The composition also contains a hydrophobically modified alkali swellable emulsion (HASE) copolymer comprising one or more acrylate monomers and an ethoxylated associative comonomer. One or more than one hydrophobically modified alkali swellable emulsion copolymer may be used.

The composition contains about 0.1 to about 5.5 weight percent of the hydrophobically modified alkali swellable emulsion copolymer.

Acrylate monomers as used herein, refer to acrylic acid, methacrylic acid or one of their simple (C₁-C₄) esters and a C₁₆-C₂₄ ethoxylate (methacrylate) comonomer.

Ethoxylated associative comonomer as used herein is a monomer comprising an ethylenically-unsaturated polymerizable moiety covalently bound to a C₁₆-C₂₄ alkyl ethoxylate comprising 10-50 cools of ethylene oxide. Ethylenically-unsaturated polymerizable moieties include acryloyl, methacryloyl, acrylamido, methacrylamido, allyl, crotonoyl, and itaconoyl, with methacryloyl being preferred.

Examples of HASE copolymers include, without limitation, Acrylates/Beheneth-25 Methacrylate Copolymer, Acrylates/Steareth-25 Methacrylate Copolymer. Acrylates/Beheneth-25 Methacrylate/Steareth-30 Methacrylate Copolymer, Acrylates/Ceteareth-20 Methacrylate Crosspolymer, Acrylates/Ceteareth-20 Methacrylate Crosspolymer-2, Acrylates/Ceteth-20 Itaconate Copolymer, Acrylates/Ceteth-20 Methacrylate Copolymer, Acrylates/Palmeth-25 Acrylate Copolymer, Acrylates/Palmeth-25 Itaconate Copolymer, Acrylates/Steareth-50 Acrylate Copolymer, Acrylates/Steareth-20 Itaconate Copolymer, Acrylates/Steareth-20 Methacrylate Copolymer, Acrylates/Steareth-30 Methacrylate Copolymer, and Acrylates/Steareth-20 Methacrylate Crosspolymer.

In one embodiment, the HASE copolymer is acrylates/beheneth-25 methacrylate copolymer. Acrylates/beheneth-25 methacrylate copolymer is commercially available, for example, as VOLAREST FL from Croda Inc. or NOVETHIX L-10 from Lubrizol Advanced Materials, Inc.

In another embodiment, the HASE copolymer is acrylates/steareth-25 methacrylate copolymer. Acrylates/steareth-25 methacrylate copolymer is commercially available, for example, as ACULYN 22 from Rohm & Haas.

In certain embodiments, the HASE copolymer does not contain a crosslinking monomer, i.e. it is preferably a copolymer instead of a crosspolymer.

Topical Composition

The composition can be used by topically applying to a mammal, e.g., by the direct spraying, laying on, wiping or spreading of the composition on the skin, hair, or nails of a mammal, particularly a human.

The composition is in the form of an oil-in-water emulsion containing a continuous water phase and a discontinuous oil phase dispersed within the continuous water phase.

The composition may be prepared using mixing and blending methodology well known in the sunscreen and cosmetic art.

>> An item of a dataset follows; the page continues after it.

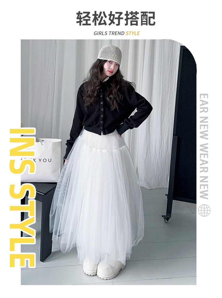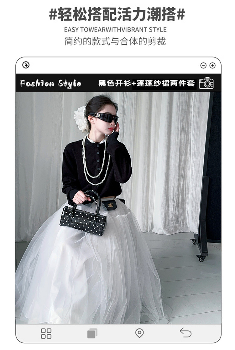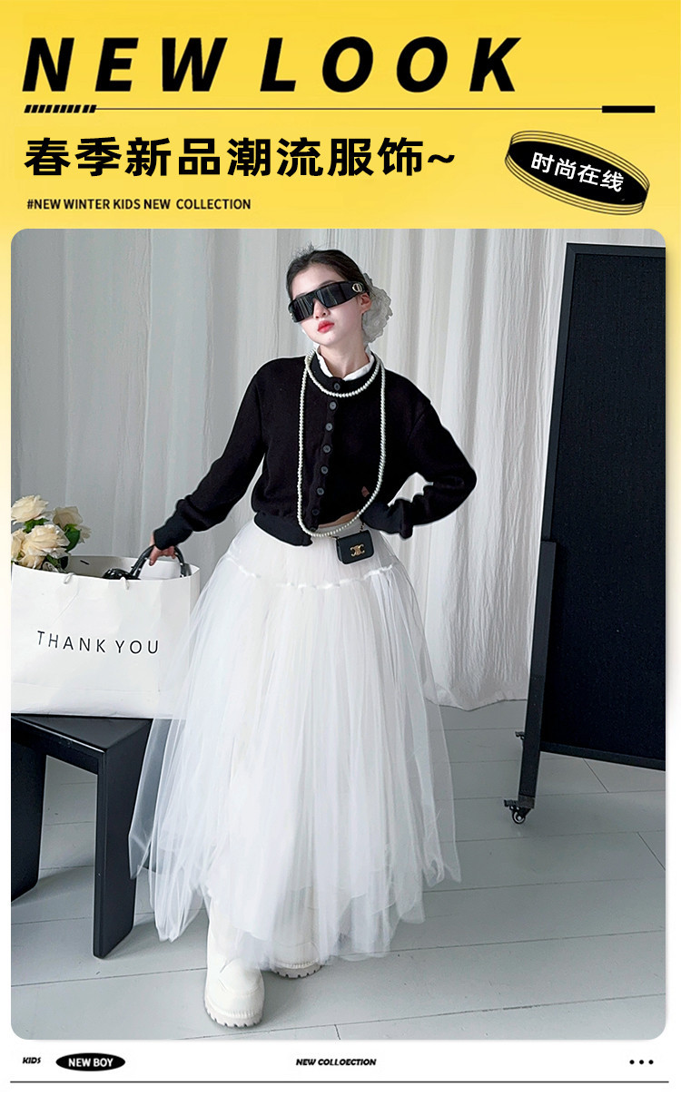 소녀 봄 카디건 코트 거즈 스커트 세트 스커트 2025 세트 새로운 큰 어린이 봄과 가을 소녀 투피스 세트스토어 가기

In one embodiment, the composition is produced by preparing an oil phase by mixing the inorganic sunscreen with optional oil soluble or oil-miscible ingredients; and preparing a water phase, by mixing water and optional water-soluble or water-miscible ingredients. The oil phase and the water phase may then be mixed in a manner sufficient to disperse the oil phase substantially homogeneously in the water phase such that the water phase is continuous and the oil phase discontinuous.

The percentage by weight of water phase included in the compositions may range from about 30% to about 80%, such as from about 35% to about 75%, such as from about 40% to about 70%. The percentage by weight of water in the water phase may be about 60% or more, such as about 70% or more, such as about 90% or more.

In certain embodiments, the percentage by weight of oil phase in the composition is from about 20% to about 70%, such as from about 25% to about 65%, such as from about 30% to about 60%.

The composition may be combined with a “cosmetically-acceptable topical carrier,” i.e., a carrier for topical use that capable of containing the other ingredients dispersed or dissolved therein, and possessing acceptable properties rendering it safe to use topically.

The cosmetically-acceptable topical carrier may optionally comprise a wide variety of additional oil-soluble materials and/or water-soluble materials conventionally used in compositions for use on skin, at their art-established levels. For example, surfactants, emulsifiers, pearlescent or opacifying agents, thickeners, emollients, conditioners, humectants, chelating agents, exfoliants, preservatives, pH adjusting agents, and additives that enhance the appearance, feel, or scent of the composition, such as colorants, fragrances, tactile modifiers, and the like, can be included.

Water soluble or water dispersible polymers may be added to the compositions. The water dispersible polymers are comprised of a water-insoluble polymer that is typically micronized and dispersed into a water carrier, possibly with the use of a surface active dispersing aid. The water dispersible polymers are capable of forming a film and improving water resistance of the compositions. Examples of water dispersible polymers include water dispersible polyurethanes, such as Baycusan® C1000 (Polyurethane-34), available from Bayer, Dow Corning® 2501 (Bis-PEG-18 Methyl Ether Dimethyl Silane), available from Dow Corning, Eastman AQTM 38S (Polyester-5), available from Eastman Chemical, and Intelimer® 8600 (C8-22 Alkyl Acrylates/Methacrylic Acid Crosspolymer) available from Air Products.

Compositions of the present invention may include a film forming polymer to enhance film formation and provide some water resistance. A “film-forming polymer,” as used herein means a polymer, when dissolved in the composition, permits a continuous or semi-continuous film to be formed when the composition is spread onto, e.g., smooth glass, and the liquid vehicle is allowed to evaporate. As such, the polymer should dry on the glass in predominantly continuous manner, rather than forming a plurality of discrete, island-like structures. Generally, the films formed by applying compositions on the skin according to embodiments of the invention described herein, are less than, on average, about 100 microns in thickness, such as less than about 50 microns.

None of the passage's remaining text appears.